* **Information provided**
..........
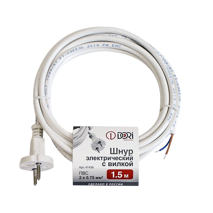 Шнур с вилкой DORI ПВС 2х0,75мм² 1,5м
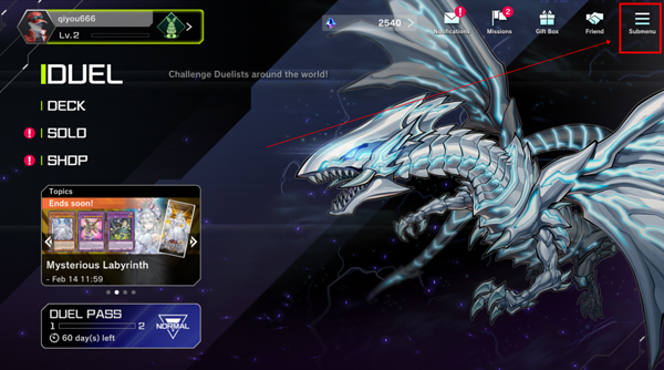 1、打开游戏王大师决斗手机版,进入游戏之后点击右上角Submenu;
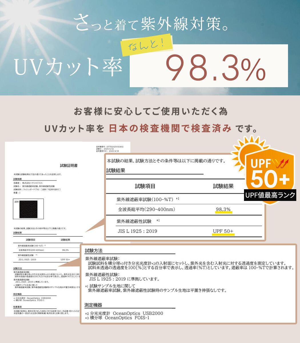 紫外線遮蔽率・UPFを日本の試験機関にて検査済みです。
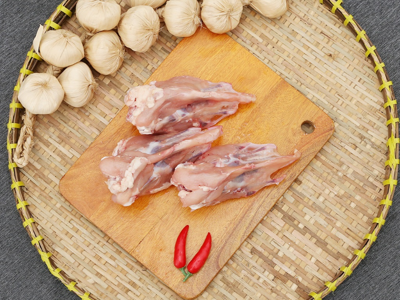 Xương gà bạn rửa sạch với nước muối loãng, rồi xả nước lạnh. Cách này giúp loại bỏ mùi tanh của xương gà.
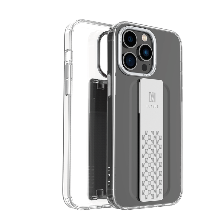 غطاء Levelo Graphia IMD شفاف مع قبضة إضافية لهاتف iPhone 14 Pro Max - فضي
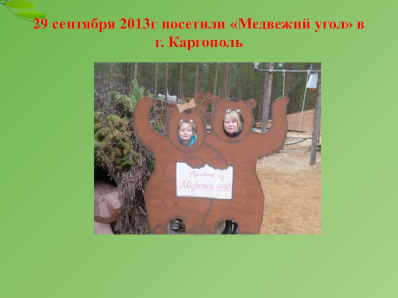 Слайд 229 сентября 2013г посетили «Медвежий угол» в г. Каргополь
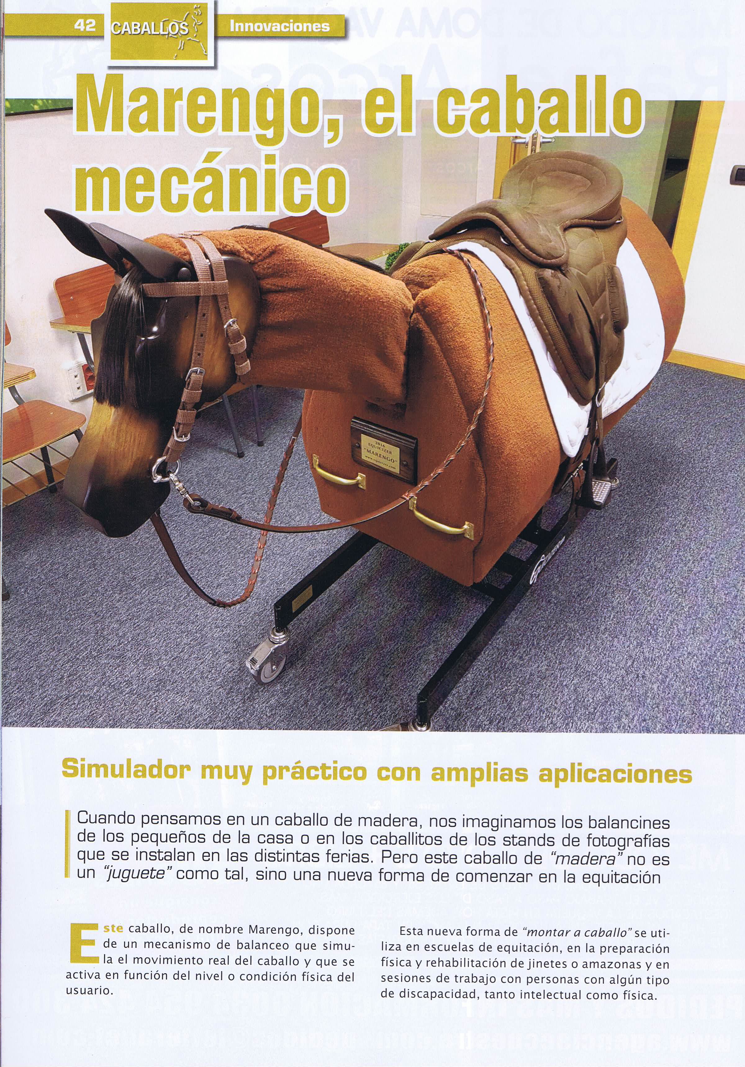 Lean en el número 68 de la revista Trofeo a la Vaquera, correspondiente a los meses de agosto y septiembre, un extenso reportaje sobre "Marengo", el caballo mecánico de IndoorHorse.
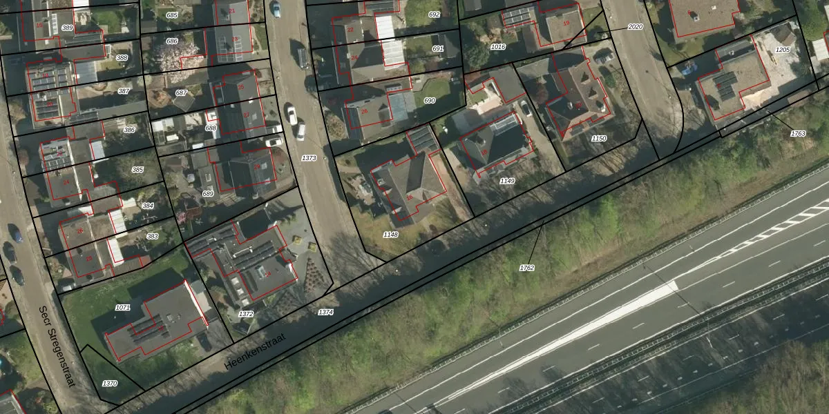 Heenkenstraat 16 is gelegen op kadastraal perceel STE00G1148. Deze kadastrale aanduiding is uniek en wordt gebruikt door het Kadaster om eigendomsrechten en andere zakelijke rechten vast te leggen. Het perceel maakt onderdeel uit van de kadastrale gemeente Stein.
..........
* **Action item**
When you copy the data, keep every line exact and leave out each picture.

* **Result of this task**
 Шнур с вилкой DORI ПВС 2х0,75мм² 1,5м
 1、打开游戏王大师决斗手机版,进入游戏之后点击右上角Submenu;
 紫外線遮蔽率・UPFを日本の試験機関にて検査済みです。
 Xương gà bạn rửa sạch với nước muối loãng, rồi xả nước lạnh. Cách này giúp loại bỏ mùi tanh của xương gà.
 غطاء Levelo Graphia IMD شفاف مع قبضة إضافية لهاتف iPhone 14 Pro Max - فضي
 Слайд 229 сентября 2013г посетили «Медвежий угол» в г. Каргополь
 Lean en el número 68 de la revista Trofeo a la Vaquera, correspondiente a los meses de agosto y septiembre, un extenso reportaje sobre "Marengo", el caballo mecánico de IndoorHorse.
 Heenkenstraat 16 is gelegen op kadastraal perceel STE00G1148. Deze kadastrale aanduiding is uniek en wordt gebruikt door het Kadaster om eigendomsrechten en andere zakelijke rechten vast te leggen. Het perceel maakt onderdeel uit van de kadastrale gemeente Stein.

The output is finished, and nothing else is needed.